Egypt

Son of Hamas leader was “Israeli spy,” father denies claims

The son of a jailed Hamas leader who converted to Christianity has gone public to announce that he spied for Israel.

Speaking before the release of his memoire next week, Mosab Hassan Yousef made the confession in an interview with Israeli daily Haaretz.

Labeling him “Israel’s most valuable informant for more than a decade," Haaretz reported that Yousef, 32, who moved to California in 2007, supplied the Shin Bet–Israel’s internal security agency–with information that led to the capture of leading Palestinian militants and prevented suicide bombings.

The British Broadcasting Corporation (BBC) quoted a former deputy head of the Shin Bet as saying that Mosab had been one of its agents.  

Mosab’s father, however, dismissed the report, asserting that his son had never been an active member of the Islamist group.    

Yousef is the son of Sheikh Hassan Yousef, a senior Hamas leader in the West Bank, who is currently serving a six-year prison sentence in an Israeli prison.  

The recent allegations, if proven true, would suggest that Israel’s penetration into Hamas’ upper echelons has been more serious than previously thought. The Islamist movement was already trying to recover from the assassination of one of its leaders in Dubai last month, where speculation about possible Israeli infiltration of the group has been anticipated.

According to Haaretz, Mosab secretly converted to Christianity one decade ago, before leaving to the US where he was baptized with the name Joseph.  

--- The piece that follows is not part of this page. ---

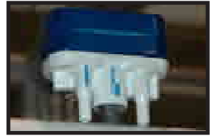
No CR needed on older coils - Install CR 120 on new high flow coils

The Israeli daily also said that Mosab’s information had led to the arrest of two senior Hamas figures, Ibrahim Hamid and Abdullah Barghouti, as well as influential Fatah leader Marwan Barghouti. His career as an informant began in 1997, according to Haaretz, after he spent one year in an Israeli jail.

Meanwhile, Gideon Ezra, former deputy leader of Shin Bet and current member of the Israeli Knesset for the Kadima party, told the BBC that Mosab “provided very important information like hundreds of others fighting against terror."

Sheikh Hassan Yousef, however, dismissed the Haaretz report, stating that his son had never been an active member of the organization.

“Whether or not what was attributed to Mosab by the Jewish Haaretz newspaper proves to be true, I assert that he was never an active member in Hamas’ political, military or religious wings,” Yousef said in an email to Al-Masry Al-Youm from prison.

He added that his son “had been the subject of extortion and pressure by the Israeli intelligence service since 1996, when he was 17-year-old.” Since then, according to Yousef, “Mosab had been closely monitored by the organization.”  

Yousef also vehemently denied that his son could have exploited his familial connections to get inside information about the group and its activities. “Everybody knows that I’m only involved in the political and media activities of Hamas,” Yousef said in the statement.

Yousef, who has led Hamas in the West Bank since August 2001, was arrested by the Israeli army in April 2005. Two years later, Yousef, who is widely seen as a moderate, was sentenced to six years in prison.

Hamas has always maintained that its military wing, Ezzedeen Al-Qassam Brigades, functions separately from the group’s political leadership.

According to Western intelligence assessments, Yousef and exiled head of Hamas’ political bureau Khaled Meshaal had differed in the past regarding the best means of confronting Israel, with Yousef supporting negotiations over armed resistance.